All participants signed a Free and Informed Consent Form. The statements were identified by the letter I, related to the interview, followed by the corresponding numbers.

Results

According to the considered referential, the resources created by these people to live with the process of illness were represented by four categories, namely: realizing the sickness - the experience of the first moment; getting to know sickle cell disease better and seeking for care; revealing feelings that influence the course of the illness experience; and living between limits and overruns - redefining life from care.

The category "realizing the illness: the experience of the first moment" presents itself from the perception of the first signs and symptoms, in which people realize that something is wrong, and try to control the anguish through various care actions that they perform at home. The bones begin to tingle, then begins to irradiate, a pain like that seems to be breaking the bones, this is how it starts, and I realize that I'm not well (I01).

In that category, different perceptions between women and men are revealed. Thus, women are on alert when they notice their image in the mirror has changed. They describe a set of symptoms that are more related to physical appearance (change in self-image), and men are worried about loss of muscle strength, such as weakness.

That does not mean that there are different symptoms between women and men, but the perception of the presence of the symptom and its description was different. My eyes and my skin get yellow, it is really weird (I01). I looked in the mirror and saw the eye get yellow and yellower, like egg yolk (I02). I felt a lot of weakness, I could not keep myself strong, and had body aches all over, in the arm and legs. Too much pain (I03).

The category "getting to know sickle cell disease better and seeking for care" reveals that after the onset of signs and symptoms and the attempts to restore their health through care within the family scope, they acknowledge that it is not possible to deal with the various situations that are showing without using the services of health institutions. They understand that they need to act in the sense of taking care of their health so life can get back to normal. I had a cup of tea, massaged myself and lay waiting for the body to react, when I saw the pain getting worse and that there was nothing else I could do, I had to find a doctor (I05).

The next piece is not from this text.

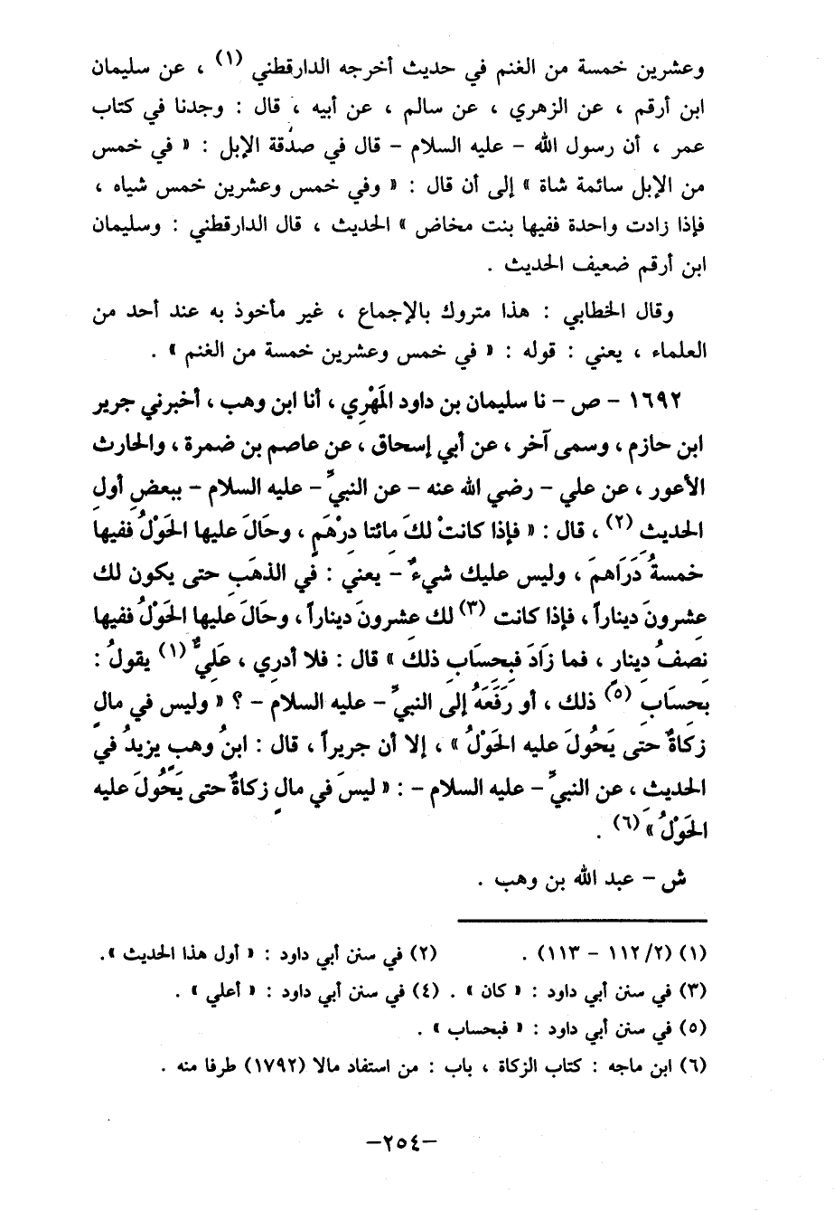 1692- ص- نا سليمان بن داود المَهْرِي، أنا ابن وهب، أخبرني جابر ابن حازم، وسمى آخر، عن أبي إسحاق، عن عام م بن ضمرة، والحارث الأعور، عن علي- رضي الله عنه- عن النبي- عليه السلامَ ببعضِ أول الحديث (2) ، قال: "فإذا كانتْ لكَ مِائتا درْهَمٍ، وحالَ عليها الحَوْلُ ففيهاَ خمسةُ درَاهمَ، وليس عليك شيء- يعني: في الذهَب حتى يكون لك عِشرونَ ديناراً فإذا كانت (3) لك عشرونَ ديناراً وحالَ عَليها الحَولُ ففيها نصفُ دِينار، فما زَادَ فبحِسَاب ذلكَ " قال: فلا أدرِي، علي (1) يقولُ: بَحسَابِ (5) ذلك، أو رفعَهُ إلى النبي- عليه السلام-؟ "وليس في مالٍ زكَاة حتى يَحُولَ عليه الحَوْلُ"، إلا أن جريراً، قال: ابنُ وهب يزيدُ في الحديث، عن النبي- عليه السلام-: "ليسَ في مال زكاة حتى يَحُولَ علبه الحَوْلُ " (6) .

In that context, nurses are acknowledged as the team that is on the front line of care, because when they arrive at emergency services they are always accompanied by someone from the nursing staff, and therefore, the nurse occupies a position of recognition, of importance, of the one who gets there first. Nursing is on the front line in an emergency service. The technician and the nurse that are there with the patient constantly, that provide the saline solution, which check the patient out, which are closest to him. The nurse admits me and treats me very well, that made a difference (I06). The nurse talks to you, watches, examines you, and when the doctor arrives he already knows everything about you and just prescribes the medication (I07).

Thus, nursing care is not lived without conflict in emergency services, for when multiple venous punctures are needed, the patients are charged and found guilty. For us who have sickle cell disease, the veins disappear, we do not have enough to put the saline solution, the venous access; so in the process of finding a vein, it generates a stress on the nurses, they think that we are changing position. Sometimes the simple fact that you have anemia causes the vein to disappear (I08).

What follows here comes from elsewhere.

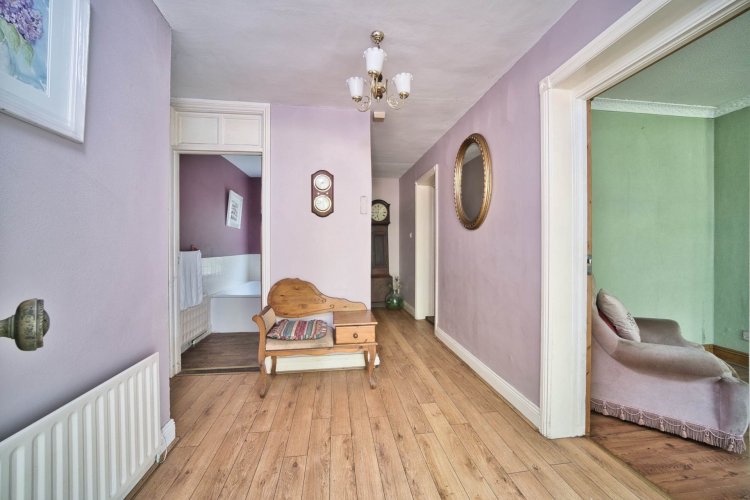 Entrance Hallway (2.53m x 2.21m) + (2.81 x 0.92m) + ( 5.3m x 0.86m) Laminate wood flooring, light fitting, hot-press (2.4m x 1.12m).

The category "revealing feelings that influence the course of the illness experience" demonstrates that the meaning of the illness can be changed several times in the light of the events that occur during the experience and the events related to the therapy.

In this context, it is identified that it is hard to live with a disease that leads to discrimination in various sectors of society, within the family, at work, and in health services. Besides, often moving them away from the access to certain public goods, hindering a better quality of life. We are discriminated by the color of our skin. It is hard to deal with a disease that leads to this (I08). I have a friend who did not date due to the problem she had, many people did not approach people who have sickle cell disease, they do not accept us (I09). The last thing you want is to be discriminated, you feel diminished (I11). If people would invest as they should regarless of being black, I think it would be much better for us, access would be good, treatment, care and quality of life were going to change (I07).

Finally, the category "living between limits and overruns - redefining life from the care" emerged, revealing that regardless of what is the prospect considered and the limitations experienced, experience counts victories that were conquests beyond the illness and are events that drives them to continue. A person with chronic disease will always have limitations with the body, but it is not that she cannot do anything (I06). I used to like going to the beach and lay around in the sun, today I do not do that, I go to the beach but I know that if I keep taking all that sun exposure and then go into the water, I am going to have pain crisis and I know my limitations (I07). The disease cannot be an obstacle for those who want to live, you have to have the wisdom to take care of yourself and, with that, you will get new horizons, climbing steps, you slowly learn to control it (I10).

Discussion

The experience of the illness for people with sickle cell disease is characterized not as a closed process with well-defined sequential phases - they are journeys with different path possibilities involving sequential and/or concurrent events.

From this study, it was observed that in the experience of the illness, people with sickle cell disease define and redefine health care and assess them in their daily lives, often evoking important and essential elements, as their own emotions, and thus building plans and expectations for the future. By doing so, the meaning of care shows close relationship with other elements that are presented in these people's lives.

In that process, through the category "realizing the sickening - the experience of the first moment", these people find out that there is something different, confirming the introduction of changes in behavior, pain, fatigue, malaise, and above all, the impossibility to perform daily tasks⁽¹1. Hirschberg M. [Living with chronic illness: an investigation of its impact on social participation]. Reinnvention: J Undergraduate Res. [Internet]. 2012 [Acesso 12 dez 2013];5(1) Disponível em: http://www2.warwick.ac.uk/fac/cross_fac/iatl/reinvention/issues/volume5issue1/hirschberg
http://www2.warwick.ac.uk/fac/cross_fac/... ⁾.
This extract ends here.